Memorie van antwoord - Verklaring dat er grond bestaat een voorstel in overweging te nemen tot verandering in de Grondwet, strekkende tot het vervallen van de bepaling over het uitsluiten van wilsonbekwamen van het kiesrecht - Hoofdinhoud
Deze memorie van antwoord i is onder nr. B toegevoegd aan wetsvoorstel 30471 - Verklaring dat er grond bestaat een voorstel in overweging te nemen tot verandering in de Grondwet, strekkende tot het vervallen van de bepaling over het uitsluiten van wilsonbekwamen van het kiesrecht i.
Inhoudsopgave
Officiële titel | Verklaring dat er grond bestaat een voorstel in overweging te nemen tot verandering in de Grondwet, strekkende tot het vervallen van de bepaling over het uitsluiten van wilsonbekwamen van het kiesrecht; Memorie van antwoord |
---|---|
Documentdatum | 09-11-2006 |
Publicatiedatum | 12-03-2009 |
Nummer | KST102915 |
Kenmerk | 30471, nr. B |
Van | Bestuurlijke Vernieuwing en Koninkrijksrelaties (BVK) |
Originele document in PDF |
Eerste Kamer der Staten-Generaal
Vergaderjaar 2006–2007
30 471
Verklaring dat er grond bestaat een voorstel in overweging te nemen tot verandering in de Grondwet, strekkende tot het vervallen van de bepaling over het uitsluiten van wilsonbekwamen van het kiesrecht
B
MEMORIE VAN ANTWOORD
Ontvangen 9 november 2006
Op 7 november jl. bracht de Vaste commissie voor Binnenlandse Zaken en de Hoge Colleges van Staat van de Eerste Kamer een verslag uit. Mede namens de Minister-President, Minister van Algemene Zaken, beantwoord ik in deze Memorie van Antwoord de gestelde vragen.

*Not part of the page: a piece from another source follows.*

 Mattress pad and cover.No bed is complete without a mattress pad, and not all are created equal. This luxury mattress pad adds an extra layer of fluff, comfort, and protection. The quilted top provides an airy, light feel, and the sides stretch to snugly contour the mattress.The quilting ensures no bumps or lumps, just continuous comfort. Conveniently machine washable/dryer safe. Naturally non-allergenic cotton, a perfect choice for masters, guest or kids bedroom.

Het verheugt ons dat de commissie in staat en bereid was op zo korte termijn na aanbieding van het voorstel om wijziging van artikel 54 van de Grondwet in overweging te nemen, een verslag uit te brengen. Dit betekent dat de eerste lezing van het voorstel tijdig voor de verkiezing van de leden van de Tweede Kamer op 22 november a.s. kan worden afgehandeld. Indien Uw Kamer het voorstel aanvaardt, kan de op 22 november a.s. gekozen Tweede Kamer het voorstel in tweede lezing behandelen.

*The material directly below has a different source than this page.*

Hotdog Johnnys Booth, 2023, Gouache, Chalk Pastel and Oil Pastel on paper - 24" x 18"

De leden van de CDA-fractie stelden over het voorstel een aantal vragen. In de eerste plaats viel het deze leden op dat de regering de integrale toekenning van het kiesrecht baseert op een radicale opvatting van het grondrechtelijk karakter van het actief en passief kiesrecht. Dit recht, zo stelden deze leden, benadert de regering principieel als een recht van het individu. De regering, zo meenden deze leden, wil zich geen enkel oordeel aanmeten over de capaciteit van een burger om verantwoord een stem te kunnen uitbrengen of verkiesbaar te zijn bij de samenstelling van volksvertegenwoordigingen. De aan het woord zijnde leden vroegen de regering of zij van mening is dat na aanvaarding in tweede lezing de à contrario redenering opgaat. Zij vroegen voorts of schrapping van de uitsluitingsgrond betekent dat daarop later niet bij gewone wet uitzonderingen kunnen worden gemaakt.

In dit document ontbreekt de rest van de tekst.